Watching this episode for the second time was an interesting experience. I loved Dr. Griffin the first time I saw it, and believed it was one of the most absorbing and intriguing Nip/Tuck hours in a long while, exploring the psychosis of Sean and Christian and laying bare their long-held bitterness and anger against each other. While I still enjoyed Dr. Griffin the second time around, I couldn't help but notice, once again, that artificial quality that has made parts of season six so jarring. Here, several moments felt pulled straight out of left-field, while shock plot developments were clumsily dropped in with zero build-up. The concept of this story was well-intentioned, but the devil is in the details, and the details weren't that great.

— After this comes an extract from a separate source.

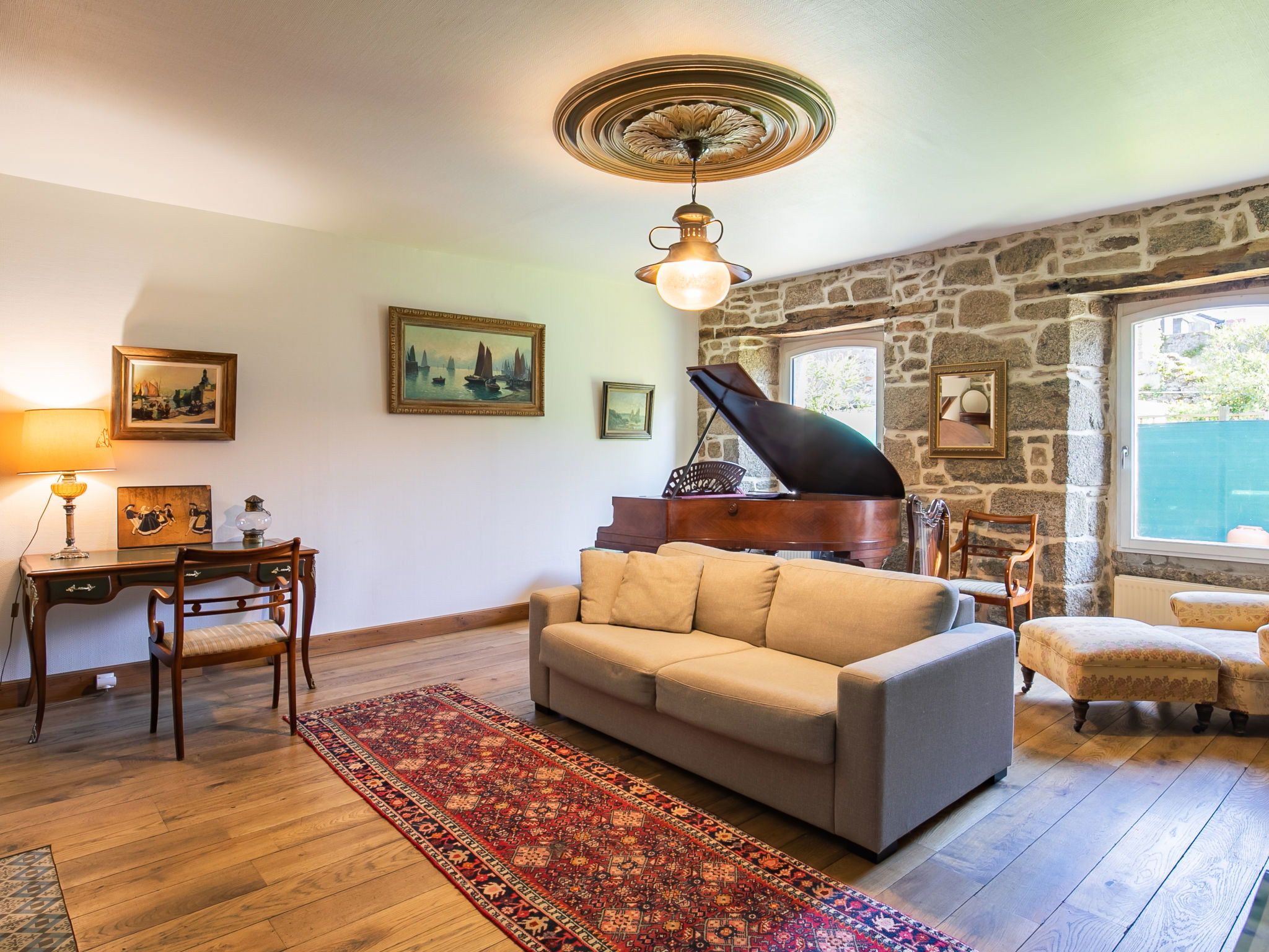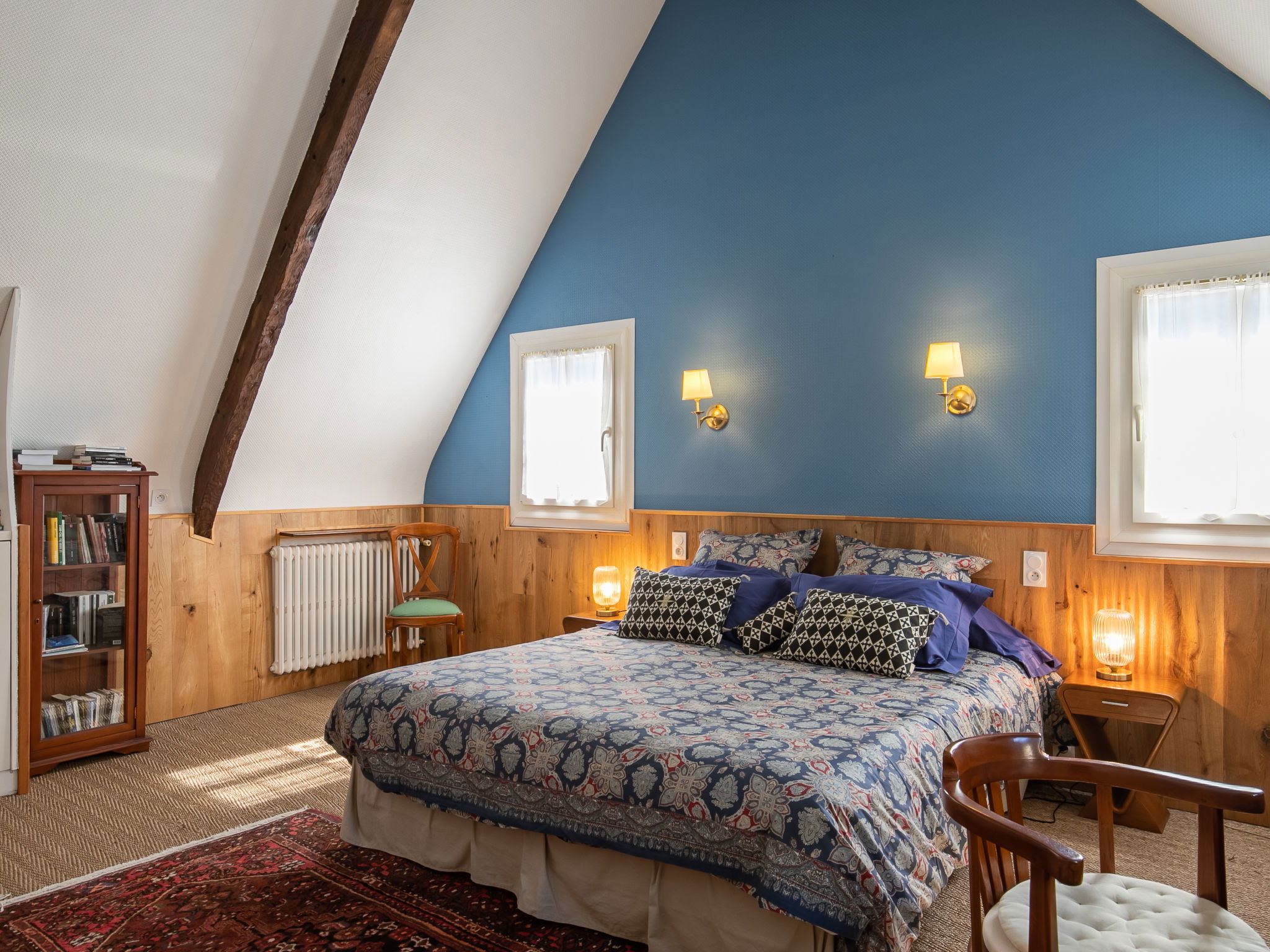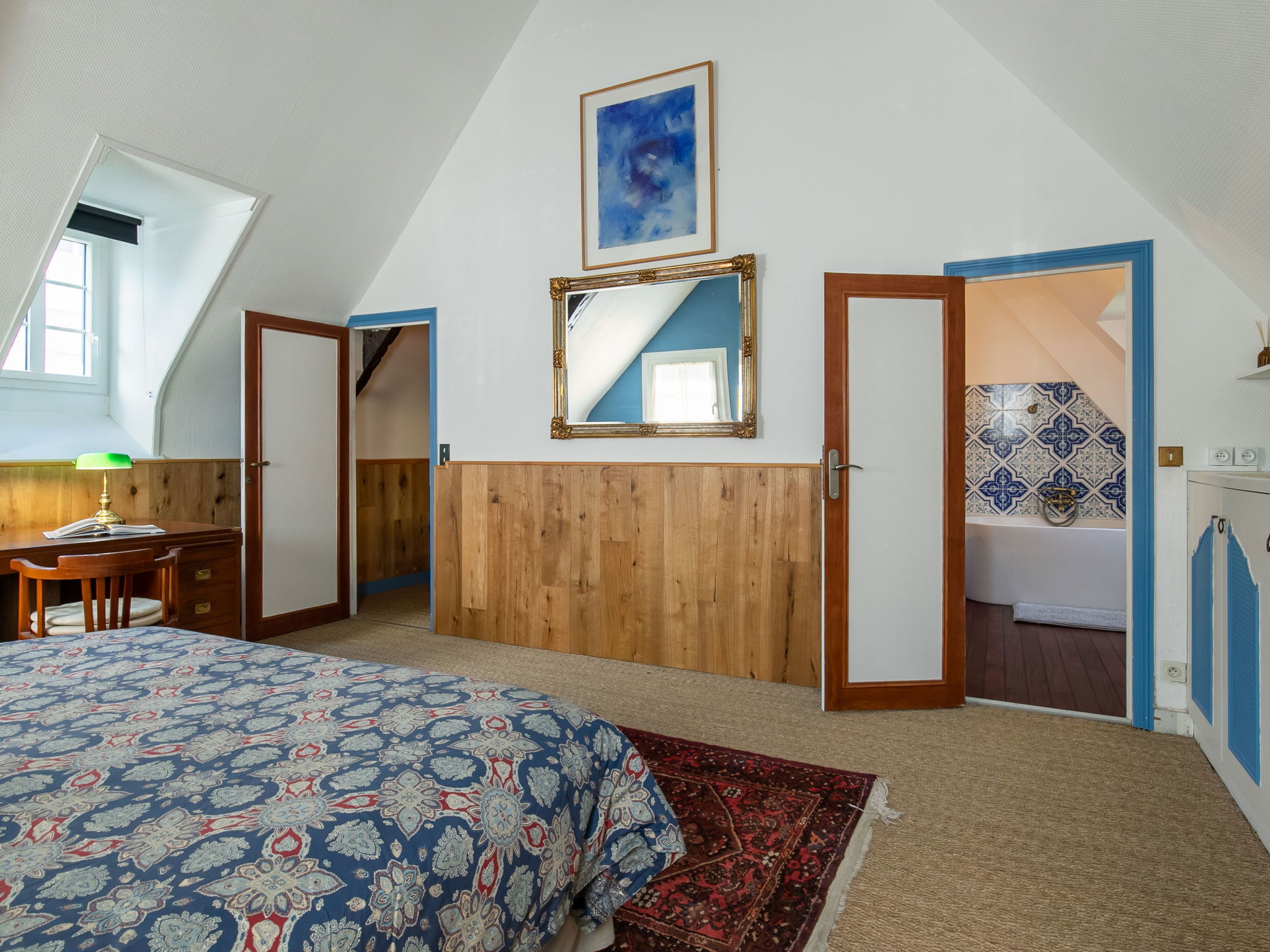 "Maison Duquesne", 6-room house 160 m2 on 2 levels. Spacious, beautiful and stylish furnishings: open living/dining room 30 m2 with Scandinavian wood stove. Exit to the garden, to the patio. Living room 30 m2 with open-hearth fireplace and library. Open kitchen (oven, dishwasher, 3 induction hot plates, toaster, kettle, microwave, freezer, electric coffee machine). Sep. WC. Upper floor: 25 m2, 1 room with 1 french bed (180 cm, length 200 cm). 2 rooms 10 m2, with sloping ceilings, each room with 1 french bed (160 cm, length 200 cm). With sloping ceilings, 1 room 8 m2 with 1 x 2 bunk beds (90 cm, length 200 cm). With Dressing room. Bath/WC, shower/WC. Gas heating. Terrace furniture, electric barbecue (portable), deck chairs (2). Facilities: washing machine, dryer, baby cot for up to 2 year olds, hair dryer. Internet (WiFi, free). Parking (2 cars) at the house. Please note: non-smoking house. Maximum 1 pet/ dog allowed. Smoke alarm. Living room with century-old Pleyel grand piano (fully restored) and a Celtic harp. Offer by a private individual according to Art. 155, IV of CGI.

Jennifer Salt's script riffs heavily from In Treatment, setting almost her entire story in a psychiatrist's office and having Sean and Christian and partly Liz and Matt play off each other, the dialogue pushing the story instead of contrived plot developments (for the most part). It's obviously an interesting idea, and I liked seeing the interaction between the cast members. There were also some intriguing asides, such as Liz claiming everybody around Sean and Christian are merely 'elevator music' to them. Some of the dialogue ('I know where the bodies are buried') was also pretty juicy.

But plaguing the script is a sense of Psychology 101. Sean's drawing of him and his family was frustratingly on-the-nose, while Christian's declaration that Sean is an alcoholic didn't have the season-long build-up a development like that probably needed. Liz's pregnancy also felt sudden and illogical. There was some swapping of airdates for this and the upcoming Christian Troy II episode, but even that doesn't explain how messy some of the script feels.

Similarly, the Mark couple subplot was unnecessary, filled with some of the most cloying symbolism seen on this show in an age, and a shock bullet-in-the-face closer that was exactly the type of melodramatic absurdity this episode at first appeared to be avoiding.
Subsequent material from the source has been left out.